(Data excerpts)
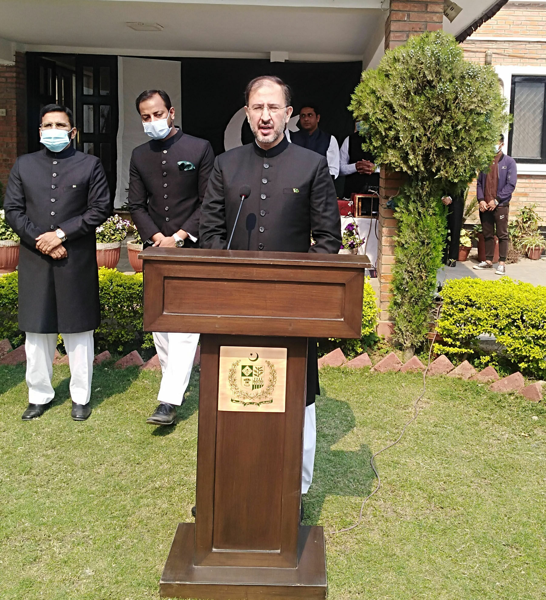 आफ्नो राष्ट्रको झण्डोत्तोलन गर्दै यहाँस्थित पाकिस्तानी राजदूत सयद हैदर शाहले आफ्ना पूर्वजले परिकल्पना गरेको पाकिस्तान निर्माण गर्न सबै पाकिस्तानीले आफ्नो प्रतिबद्धताको पुनर्पुष्टि गर्नुपर्नेमा जोड दिए ।
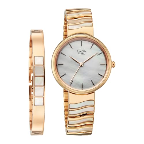 Titan Raga Power Pearls 2.0 with Quartz Analog Mother of Pearl Dial Rose Gold Brass Strap Watch for Women - 2810WM03F
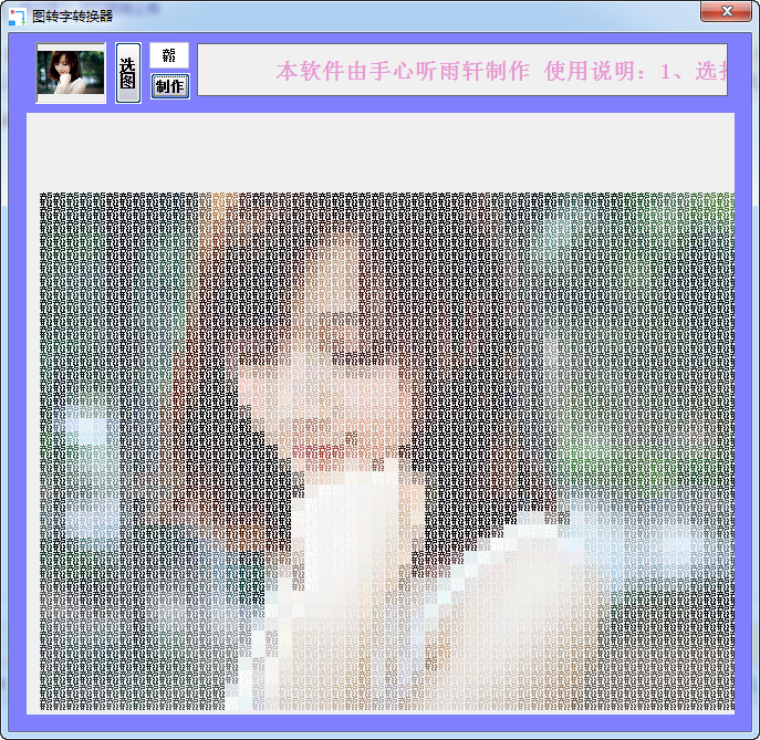 图转字转换器是一款可以将图片用文字来显示的工具,这款软件绿色无毒,简单好用,需要的网友快来下载吧!
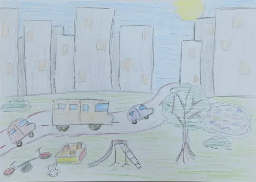 Сегодня мы с ребятами делали рисунки своих дворов и районов. Я живу в четыреадцатом микрорайоне, часто гуляю по нему
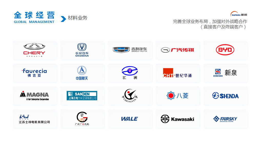 順威材料事業部目前有順德、昆山、武漢三個生產基地,三基地總產能10萬噸/年。
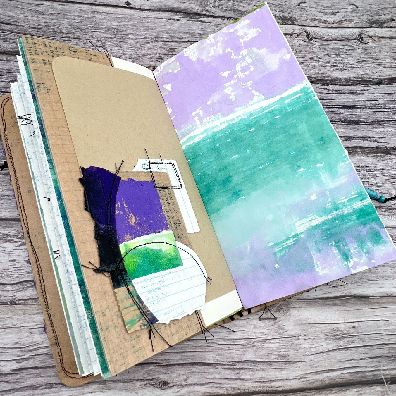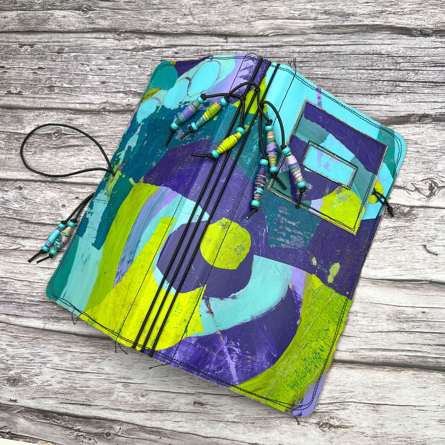 Be the first to review “Handcrafted Travel Size Journal with Beads, Distressed Layers, Elastic Bound, Purple and Teal”

• Required work: From the entries above, write out every line without a single change, skipping the images.

• Finished exercise:
 आफ्नो राष्ट्रको झण्डोत्तोलन गर्दै यहाँस्थित पाकिस्तानी राजदूत सयद हैदर शाहले आफ्ना पूर्वजले परिकल्पना गरेको पाकिस्तान निर्माण गर्न सबै पाकिस्तानीले आफ्नो प्रतिबद्धताको पुनर्पुष्टि गर्नुपर्नेमा जोड दिए ।
 Titan Raga Power Pearls 2.0 with Quartz Analog Mother of Pearl Dial Rose Gold Brass Strap Watch for Women - 2810WM03F
 图转字转换器是一款可以将图片用文字来显示的工具,这款软件绿色无毒,简单好用,需要的网友快来下载吧!
 Сегодня мы с ребятами делали рисунки своих дворов и районов. Я живу в четыреадцатом микрорайоне, часто гуляю по нему
 順威材料事業部目前有順德、昆山、武漢三個生產基地,三基地總產能10萬噸/年。
 Be the first to review “Handcrafted Travel Size Journal with Beads, Distressed Layers, Elastic Bound, Purple and Teal”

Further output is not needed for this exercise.